Les investisseurs en VEFA (vente en l’état futur d’achèvement) sont aussi concernés. Les promoteurs devront intégrer les nouvelles règles dans leurs plans de vente dès la commercialisation des programmes livrés après janvier 2026. Une surface Carrez modifiée en cours de projet pourrait entraîner des ajustements de prix, voire des litiges avec les acquéreurs si l’écart dépasse le seuil légal.
Les SCI (sociétés civiles immobilières) gérant des patrimoines en copropriété devront mettre à jour leurs inventaires de surfaces pour l’ensemble de leurs actifs. Un travail de fond, souvent sous-estimé, qui nécessite un accompagnement par des professionnels qualifiés pour éviter des erreurs coûteuses lors des cessions ultérieures.
Préparer votre bien immobilier pour les nouvelles normes de 2026
Anticiper la réforme, c’est éviter de subir des corrections de surface au pire moment, c’est-à-dire lors d’une négociation déjà engagée. Plusieurs étapes concrètes permettent de se préparer efficacement, que vous soyez propriétaire occupant, bailleur ou investisseur.
- Faire réaliser un mesurage Carrez actualisé par un diagnostiqueur certifié, en précisant que vous souhaitez anticiper les nouvelles normes 2026.
- Vérifier la hauteur sous plafond dans chaque pièce, notamment dans les combles aménagés, les mezzanines et les espaces sous pente.
- Identifier les espaces non comptabilisés jusqu’ici (vérandas fermées, extensions récentes) qui pourraient entrer dans le calcul après la réforme.
- Consulter un notaire pour évaluer l’impact d’une modification de surface sur la valeur vénale du bien et sur les clauses des actes existants.

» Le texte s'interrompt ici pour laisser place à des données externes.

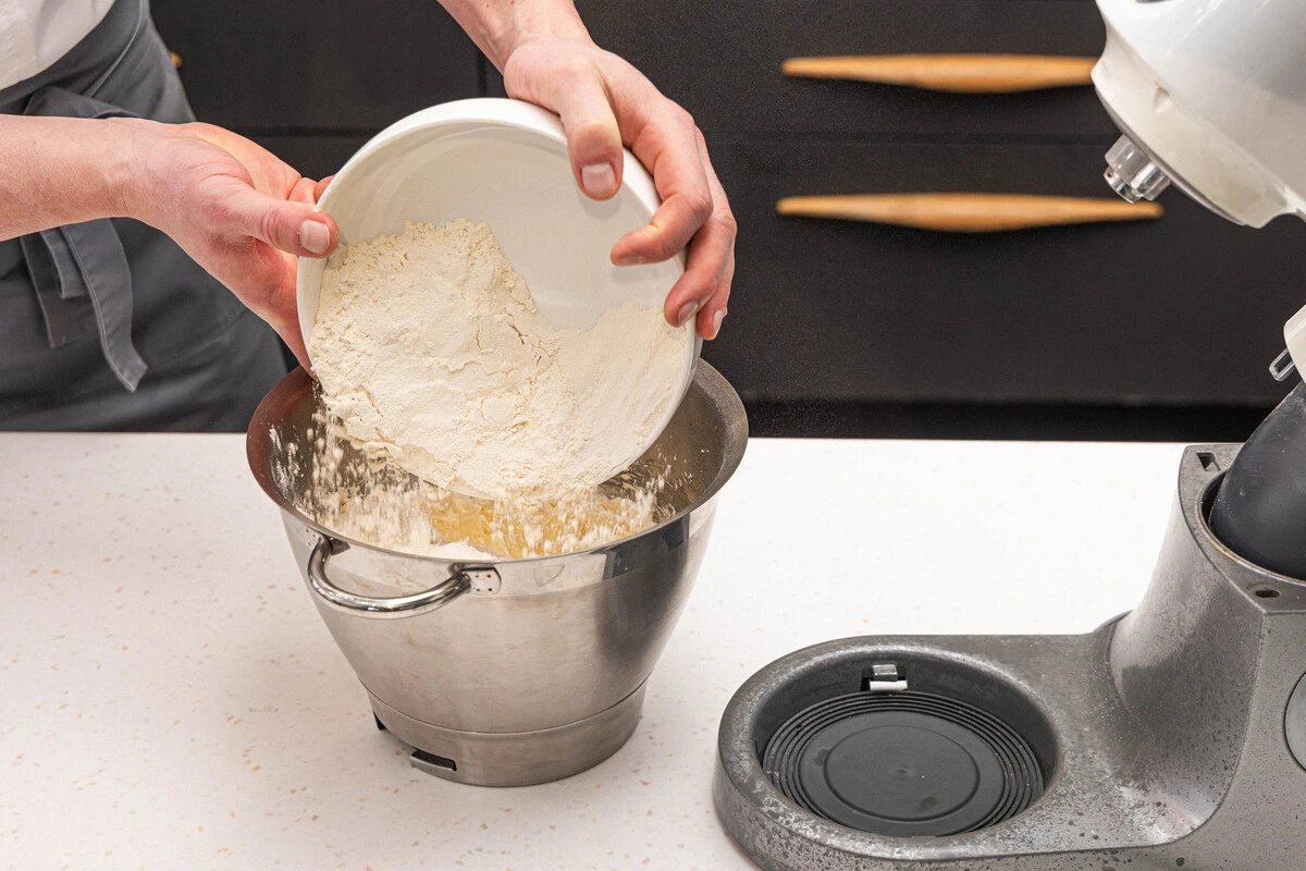 Всыпьте муку и замесите тесто. Не переусердствуйте, иначе оно получится тугим и неэластичным.

- Mettre à jour les documents de copropriété si vous êtes syndic ou membre d’un conseil syndical, afin que les tantièmes reflètent les surfaces réelles.
La mise en conformité ne se limite pas à un simple mesurage. Elle touche à la valorisation du bien, à sa commercialisation et aux relations contractuelles avec les autres copropriétaires. Un appartement dont la surface Carrez augmente de quelques mètres carrés peut voir sa quote-part de charges évoluer, ce qui nécessite une modification du règlement de copropriété par un vote en assemblée générale.
Les professionnels de l’immobilier, agents et administrateurs de biens, ont déjà commencé à adapter leurs pratiques. La FNAIM a diffusé des recommandations internes pour préparer ses adhérents à la transition. Consulter les ressources disponibles sur Legifrance et Service-Public.fr permet de suivre l’avancement des textes réglementaires et d’être informé dès la publication des décrets d’application.
Une dernière précaution s’impose : ne pas attendre la publication officielle des textes pour agir. Les délais administratifs dans l’immobilier sont souvent plus courts qu’on ne l’imagine, et un bien mal mesuré peut bloquer une vente pendant des semaines. Prendre les devants, c’est se donner la liberté de négocier sereinement, sans avoir à gérer une contestation de surface en pleine transaction.